The Carbon Offsetting and Reduction Scheme for International Aviation (CORSIA) was adopted by ICAO in 2016 as the world's first global market-based measure for any industrial sector. It applies only to international flights (purely domestic flights remain under each state's own climate policy) and requires airlines to offset CO₂ emissions above a defined baseline. The scheme covers more than 80 % of the post-2020 growth in international aviation emissions.

The three phases

CORSIA implementation phases
PhaseYearsParticipationCompliance cycle length
Pilot2021–2023Voluntary, ~88 states3 years (one cycle)
First phase2024–2026Voluntary, ~126 states3 years (one cycle)
Second phase2027–2035Mandatory (most ICAO states)3 years × 3 cycles
Source: ICAO CORSIA FAQs April 2024

The voluntary phases cover roughly 88 to 126 states; the mandatory second phase will cover all ICAO contracting states except those with specific exemptions (least-developed countries, small-island developing states, and landlocked developing countries that do not opt in). The second phase runs three rolling three-year compliance cycles, with final reckoning in 2035.

The 2019 baseline — why it changed

The original CORSIA design used the average of 2019 and 2020 CO₂ emissions as the baseline. COVID collapsed 2020 international aviation to a fraction of normal volumes, which would have set an artificially low baseline and forced enormous offset purchases as flying recovered. The ICAO Council met in June 2020 and revised the baseline to 2019 only for the pilot phase, then to 85 % of 2019 for the first and second phases — softening the post-COVID growth offset requirement while still constraining long-term growth.
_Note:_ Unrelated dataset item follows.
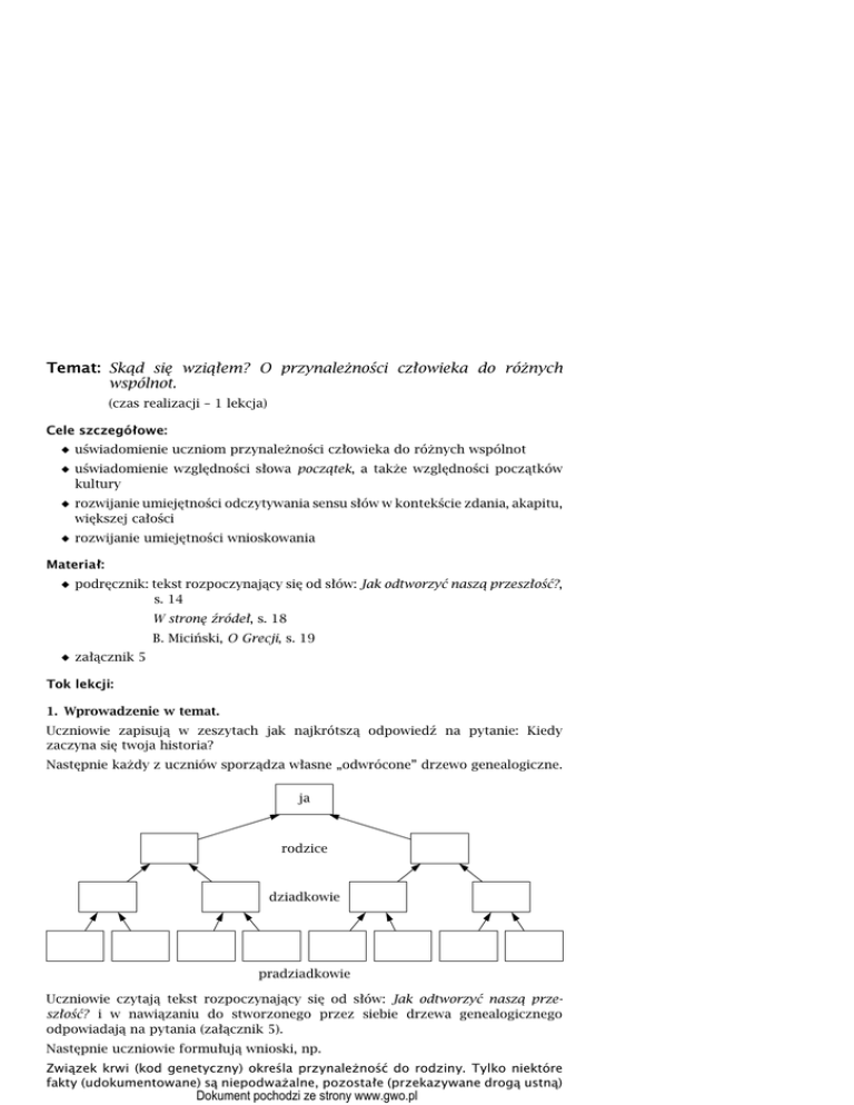 Temat: Skąd się wziąłem? O przynależności człowieka do różnych wspólnot. (czas realizacji – 1 lekcja) Cele szczegółowe: uświadomienie uczniom przynależności człowieka do różnych wspólnot uświadomienie względności słowa początek, a także względności początków kultury rozwijanie umiejętności odczytywania sensu słów w kontekście zdania, akapitu, większej całości rozwijanie umiejętności wnioskowania Materiał: podręcznik: tekst rozpoczynający się od słów: Jak odtworzyć naszą przeszłość?, s. 14 W stronę źródeł, s. 18 B. Miciński, O Grecji, s. 19 załącznik 5 Tok lekcji: 1. Wprowadzenie w temat. Uczniowie zapisują w zeszytach jak najkrótszą odpowiedź na pytanie: Kiedy zaczyna się twoja historia? Następnie każdy z uczniów sporządza własne „odwrócone” drzewo genealogiczne. ja rodzice dziadkowie pradziadkowie Uczniowie czytają tekst rozpoczynający się od słów: Jak odtworzyć naszą przeszłość? i w nawiązaniu do stworzonego przez siebie drzewa genealogicznego odpowiadają na pytania (załącznik 5). Następnie uczniowie formułują wnioski, np. Związek krwi (kod genetyczny) określa przynależność do rodziny. Tylko niektóre fakty (udokumentowane) są niepodważalne, pozostałe (przekazywane drogą ustną) Dokument pochodzi ze strony www.gwo.pl mogą, ale nie muszą być prawdziwe (mają charakter legendarny). Historia rodziny jest bardziej odległa, niż może to ogarnąć pamięć. 2. Praca z tekstem w dwuosobowych zespołach. Prosimy o wykonanie podobnego drzewa, które obrazowałoby przynależność nie do rodziny, a do narodu. Ponieważ zadanie jest niewykonalne*, prosimy o cichą lekturę pierwszego akapitu rozdziału W stronę źródeł i poszukanie argumentów, które decydują o przynależności do narodu. Uczniowie ustnie formułują wnioski w zespole, a po weryfikacji na forum klasy zapisują uwagi w zeszytach, np. Nie pokrewieństwo (kod genetyczny), ale wspólnota języka, historii, tradycji, a często i religii decydują o przynależności do narodu. Zwracamy uczniom uwagę, że przynależność terytorialna nie jest kryterium narodowościowym, np. Polacy na emigracji nie przestają być Polakami, a Romowie czy Niemcy żyjący w Polsce nie są Polakami, choć mogą mieć polskie obywatelstwo. 3. Praca z tekstem w dwuosobowych zespołach. Uczniowie czytają O Grecji Bolesława Micińskiego i ostatni akapit W stronę źródeł. W kontekście tych fragmentów oraz wcześniejszych wniosków uczniowie powinni skonstruować odpowiedź na pytanie: Czy tekst Micińskiego jest pisany z punktu widzenia członka konkretnej rodziny, konkretnego narodu, czy osoby przynależącej do jeszcze innej wspólnoty? Jakiej? Uczniowie ustnie formułują wnioski w zespole, a po weryfikacji na forum klasy zapisują uwagi w zeszytach, np. O „powinowactwie” decyduje często nieuświadomiona, ale wspólna idea smaku i zmysłu moralnego (kod kultury), której podstawę dali greccy artyści i filozofowie. 4. Podsumowanie lekcji. Zbieranie wniosków można podporządkować schematowi: Czynniki budujące tożsamość człowieka (Jana Kowalskiego) członka rodziny (jednego z Kowalskich) narodu 5. Praca domowa. Odpowiedz pisemnie na pytanie: Gdzie dostrzegasz początki samego siebie? * Metodyka nie stosuje i nie poleca zadań, które są niewykonalne. Niemniej ja w swej praktyce stosuję czasami takie ćwiczenia. Uzmysławiają one uczniom niebezpieczeństwo myślenia schematami oraz skłaniają do szukania różnych rozwiązań. Dodatkowo dają poczucie, że nawet w szkole nie wszystkie działania muszą zakończyć się powodzeniem. Wykonanie tego ćwiczenia (łatwo można je przeformułować na wykonalne) lub jego pominięcie zostawiam, oczywiście, Państwa decyzji. Dokument pochodzi ze strony www.gwo.pl

CORSIA baseline arithmetic in tonnes-relative terms
Original baseline (avg 2019, 2020)80 % of 2019Pilot-phase baseline (2019 only)100 % of 2019First / second phase baseline (85 % of 2019)85 % of 2019
Source: ICAO CORSIA FAQs April 2024

What airlines actually buy

Eligible emission units fall into a handful of categories. Some are forest-conservation credits (REDD+ projects in Brazil and Indonesia dominate the available supply). Others are renewable-energy projects that pre-date the Paris Agreement clean-energy windfall. A growing share is CORSIA-eligible sustainable aviation fuel — airlines may claim CORSIA credits for SAF use, which is the main reason European carriers have pushed for tighter SAF mandates.

How big are the obligations?

ICAO estimates CORSIA will cover the offsetting of about 2.5 to 4 gigatonnes of CO₂ across the 2021-2035 period — a number that depends heavily on actual aviation growth and SAF deployment. Per-airline obligations in 2024 are still modest because emissions have only just returned to baseline; obligations are expected to ramp quickly through the second phase.

Frequently asked

Does CORSIA cover domestic flights?
No. CORSIA covers only international flights between participating states. Domestic aviation falls under each country's own climate policy — the UK ETS, US EPA rules, China's national ETS pilot for aviation, and so on.
Is CORSIA enough to put aviation on a 1.5 °C path?
Not by itself. CORSIA is designed to offset growth above the baseline, not to reduce absolute emissions. Aviation's net-zero-by-2050 path requires sustainable aviation fuel, more efficient aircraft, and operational improvements alongside CORSIA — the offsetting layer is the last-mile fallback, not the main mechanism.
Why are some Verra credits not CORSIA-eligible?
ICAO's Technical Advisory Body applies a strict eligibility filter: only credits that meet additionality, permanence, and double-counting safeguards are approved, and only specific vintages. Many credits that satisfy a standard certification are still excluded by CORSIA's tighter rules.
Do passengers pay for CORSIA?
Indirectly. CORSIA compliance costs are borne by airlines and largely passed through in ticket prices — at current eligible-unit prices the per-passenger cost is single-digit dollars on long-haul tickets. The transparency of the pass-through varies by carrier.